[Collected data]
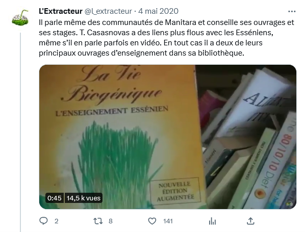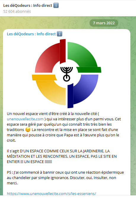 20/n : Et c’est donc par dizaines que les références aux Esséniens et à l’église qui leur est consacrée par Olivier Manitara sont apparues sur les comptes des DéQodeurs dès le début de 2022.
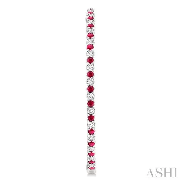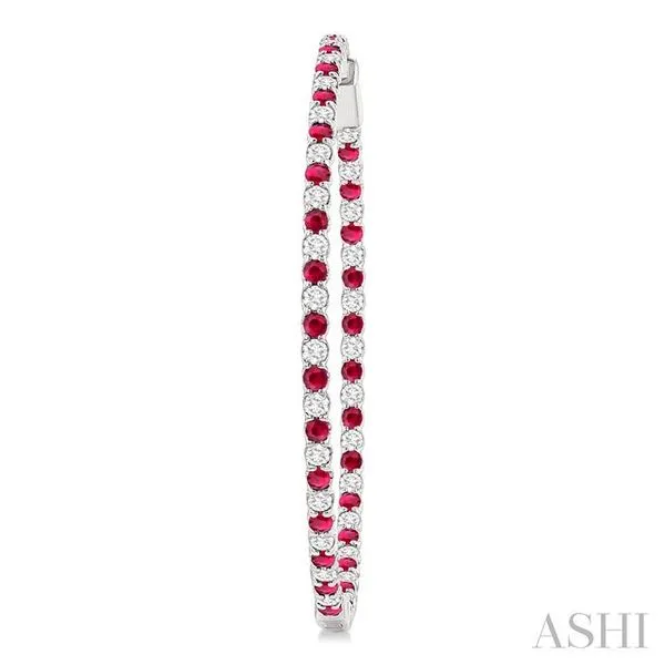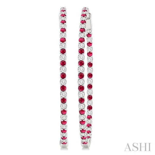 (319) 752-31962.1 MM Ruby and Alternating 2 1/2 Ctw Round Cut Inside-Out Diamond Precious Hoop Earrings in 14K White Gold
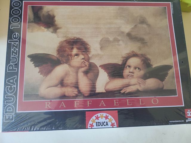 Detalles del productoPuzzle de 1000 piezas de la marca Educa, sin abrir. Representa una pintura de Rafael con dos ángeles. - Nuevo y sellado. - Medidas: 68 x 48 cm. - Perfecto para amantes del arte y los puzzles.
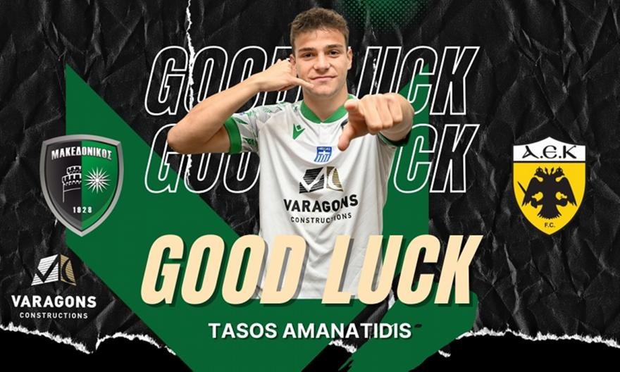 «Η διοίκηση της ΠΑΕ Μακεδονικός βρίσκεται στην ευχάριστη θέση να ανακοινώσει την μεταγραφή του 17χρονου ποδοσφαιριστή του συλλόγου, Αναστάσιου (Τάσου) Αμανατίδη στην ΠΑΕ ΑΕΚ!
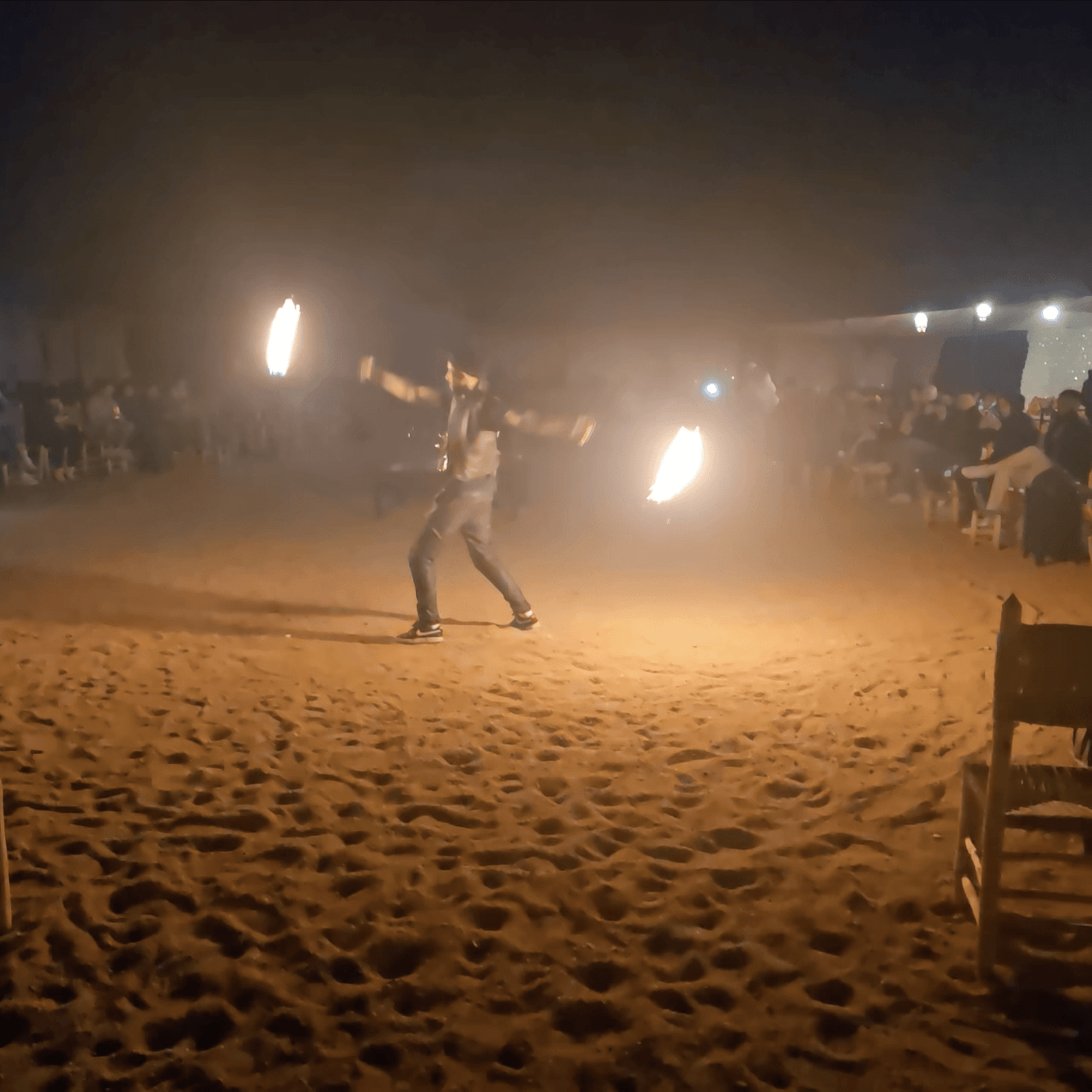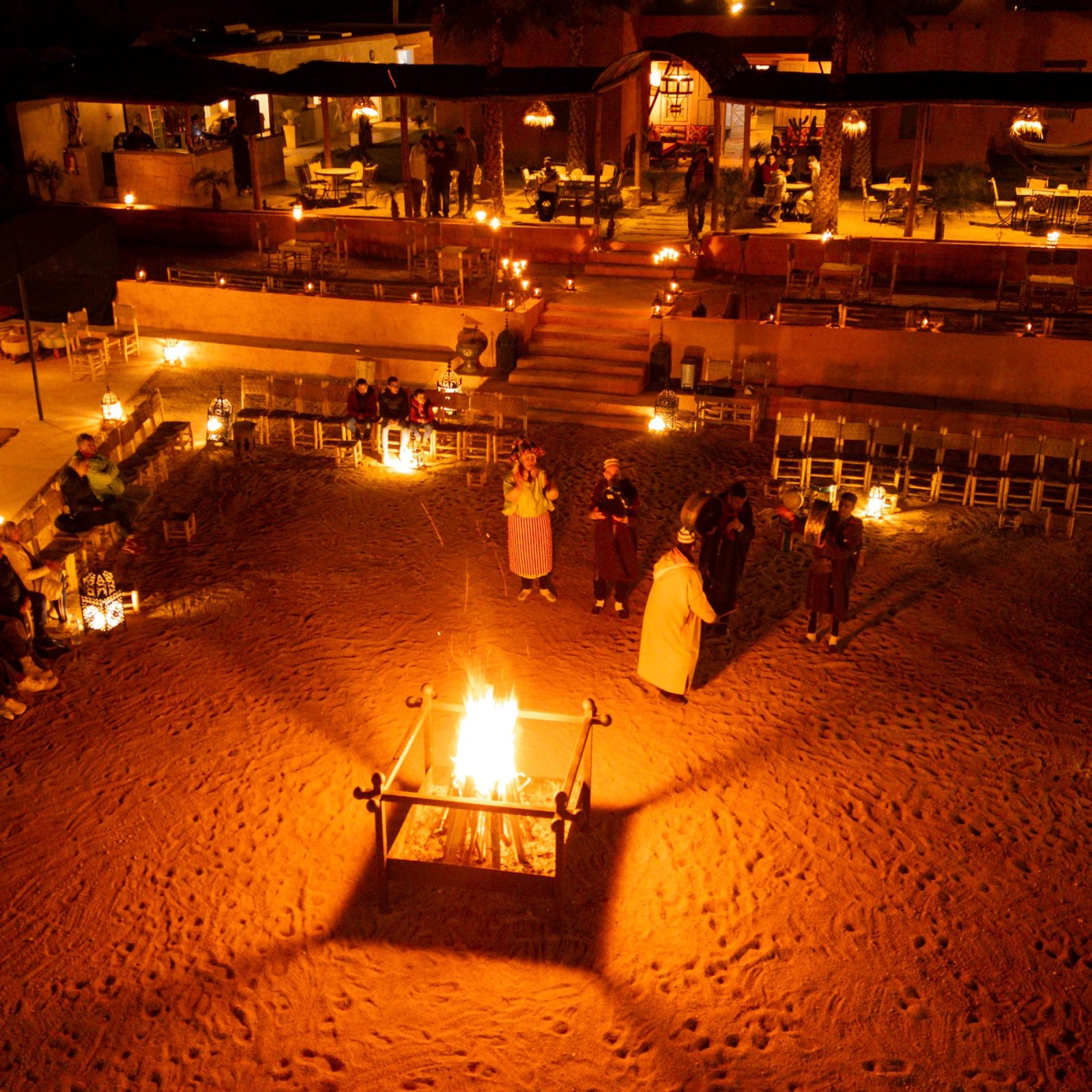 Nuestro espectáculo folclórico tradicional da vida al espíritu de Marruecos mientras saborea la auténtica cocina bajo el cielo estrellado. Los fascinantes bailarines de fuego crean un final inolvidable para su velada, con el anfiteatro natural del desierto como telón de fondo espectacular.

* TASK PROMPT *
Omit the pictures. Output every record above word for word.

* EXPECTED OUTPUT *
 20/n : Et c’est donc par dizaines que les références aux Esséniens et à l’église qui leur est consacrée par Olivier Manitara sont apparues sur les comptes des DéQodeurs dès le début de 2022.
 (319) 752-31962.1 MM Ruby and Alternating 2 1/2 Ctw Round Cut Inside-Out Diamond Precious Hoop Earrings in 14K White Gold
 Detalles del productoPuzzle de 1000 piezas de la marca Educa, sin abrir. Representa una pintura de Rafael con dos ángeles. - Nuevo y sellado. - Medidas: 68 x 48 cm. - Perfecto para amantes del arte y los puzzles.
 «Η διοίκηση της ΠΑΕ Μακεδονικός βρίσκεται στην ευχάριστη θέση να ανακοινώσει την μεταγραφή του 17χρονου ποδοσφαιριστή του συλλόγου, Αναστάσιου (Τάσου) Αμανατίδη στην ΠΑΕ ΑΕΚ!
 Nuestro espectáculo folclórico tradicional da vida al espíritu de Marruecos mientras saborea la auténtica cocina bajo el cielo estrellado. Los fascinantes bailarines de fuego crean un final inolvidable para su velada, con el anfiteatro natural del desierto como telón de fondo espectacular.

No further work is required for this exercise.